STORED DATA:

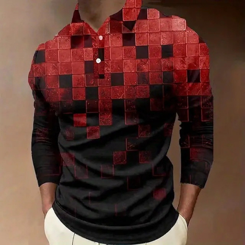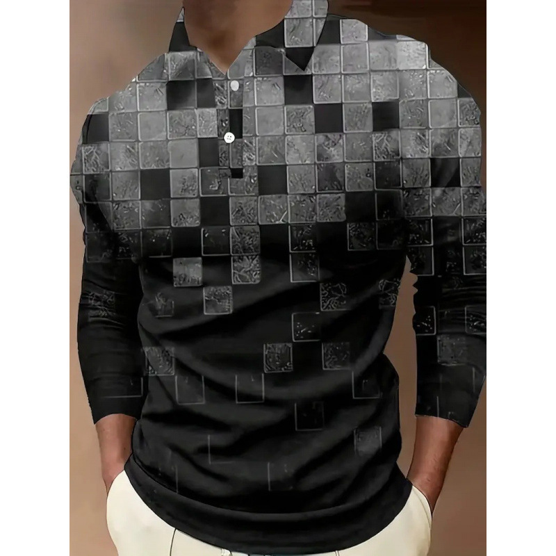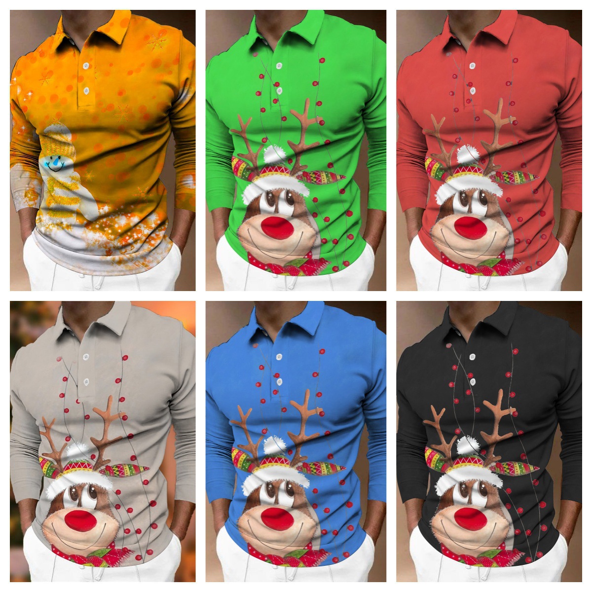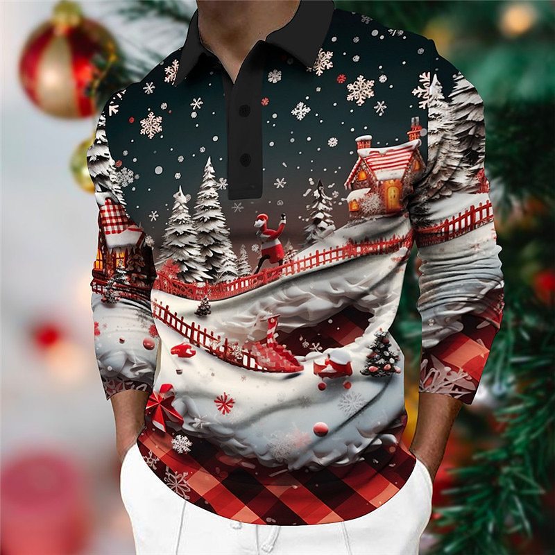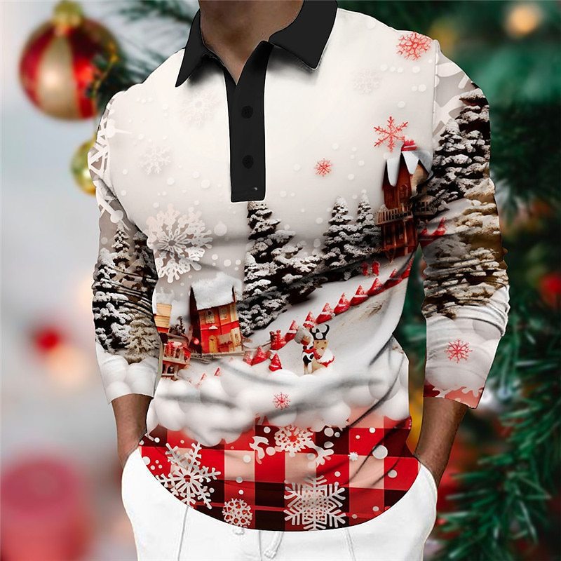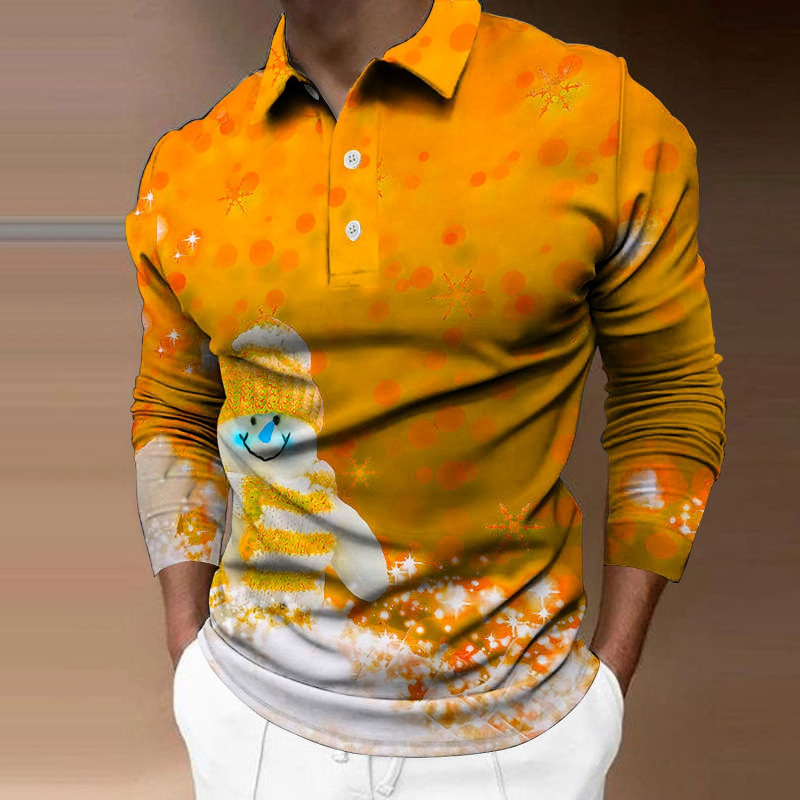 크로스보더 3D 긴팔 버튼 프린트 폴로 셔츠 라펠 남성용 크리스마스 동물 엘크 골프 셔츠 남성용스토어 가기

* * *

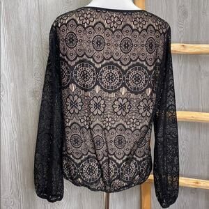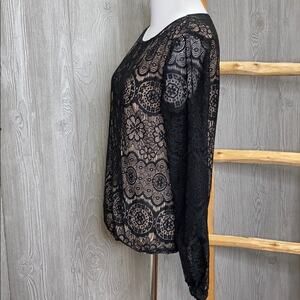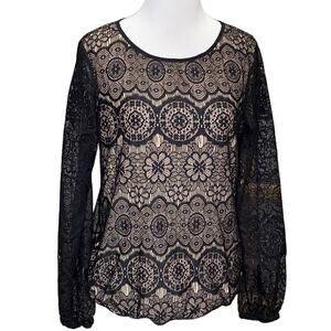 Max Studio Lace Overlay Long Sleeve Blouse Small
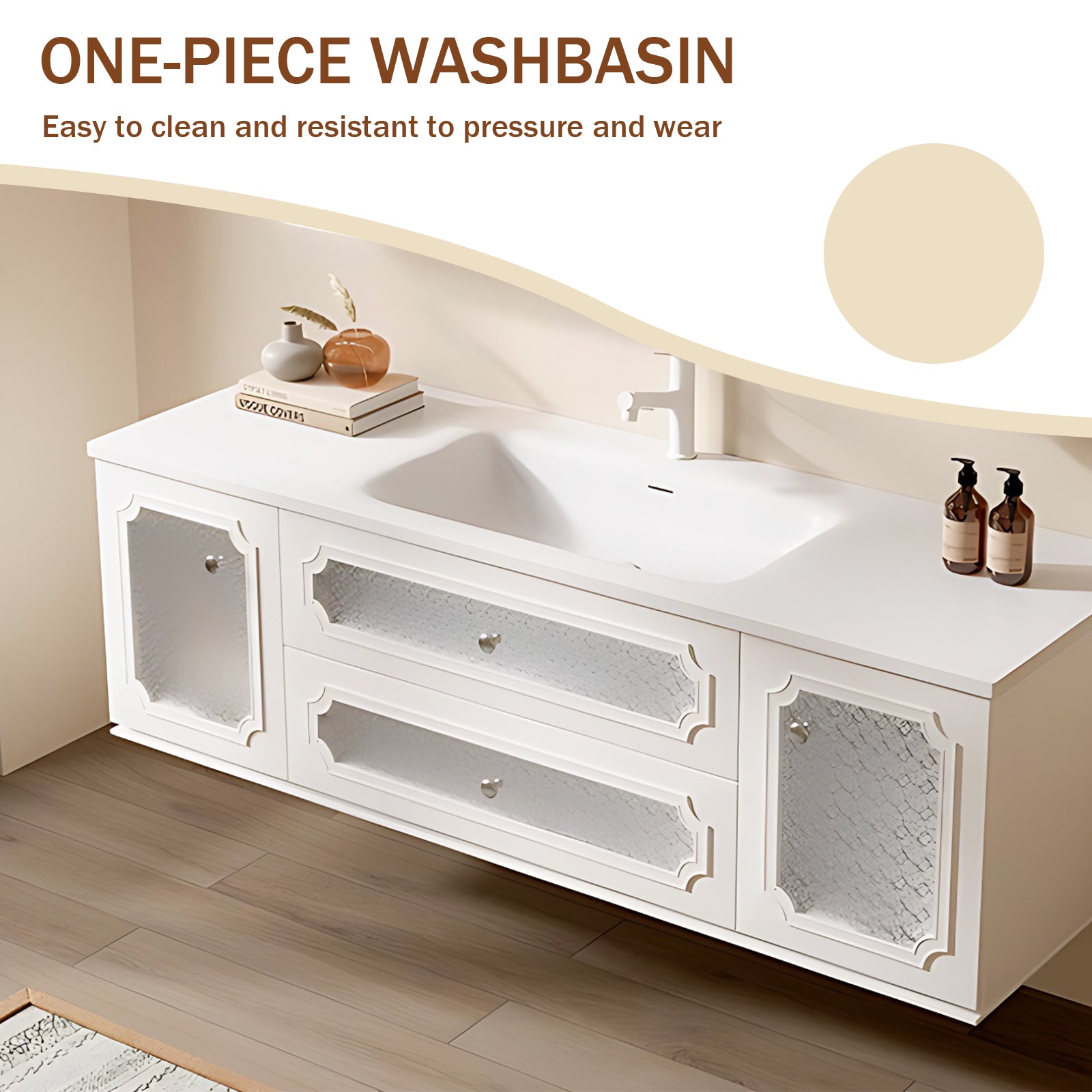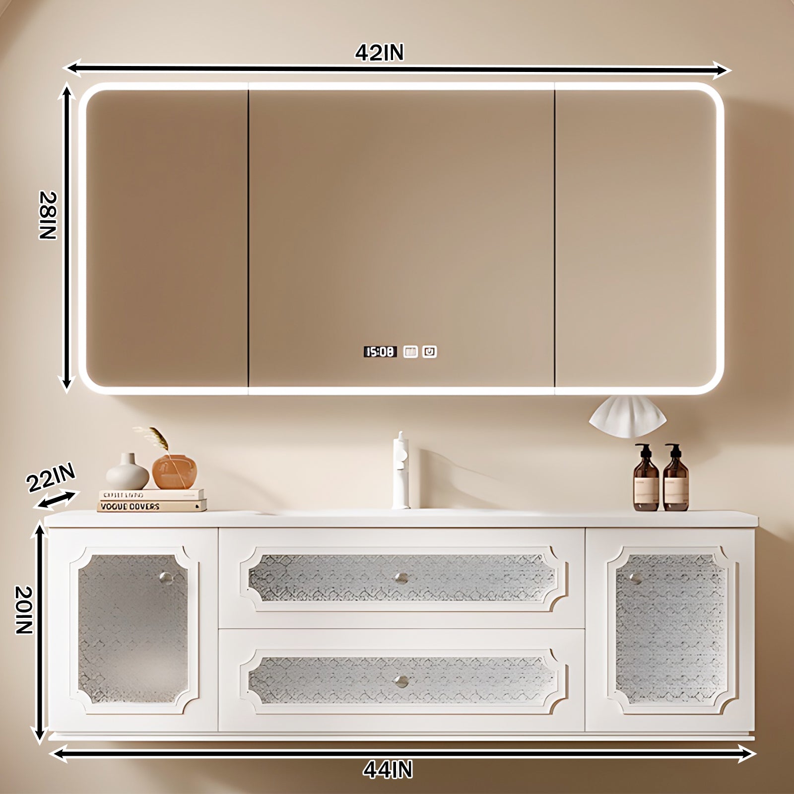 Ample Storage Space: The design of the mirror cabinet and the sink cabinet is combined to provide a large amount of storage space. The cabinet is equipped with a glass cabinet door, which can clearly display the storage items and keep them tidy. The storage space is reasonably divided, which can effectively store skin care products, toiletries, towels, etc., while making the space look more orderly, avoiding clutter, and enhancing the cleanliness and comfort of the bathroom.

TASK STATEMENT: From the records above, output only the lines starting at the one containing "Max Studio Lace" and ending at the one containing "Ample Storage Space: The", word for word. Pictures stay out.

RESULT OF THE TASK:
 Max Studio Lace Overlay Long Sleeve Blouse Small
 Ample Storage Space: The design of the mirror cabinet and the sink cabinet is combined to provide a large amount of storage space. The cabinet is equipped with a glass cabinet door, which can clearly display the storage items and keep them tidy. The storage space is reasonably divided, which can effectively store skin care products, toiletries, towels, etc., while making the space look more orderly, avoiding clutter, and enhancing the cleanliness and comfort of the bathroom.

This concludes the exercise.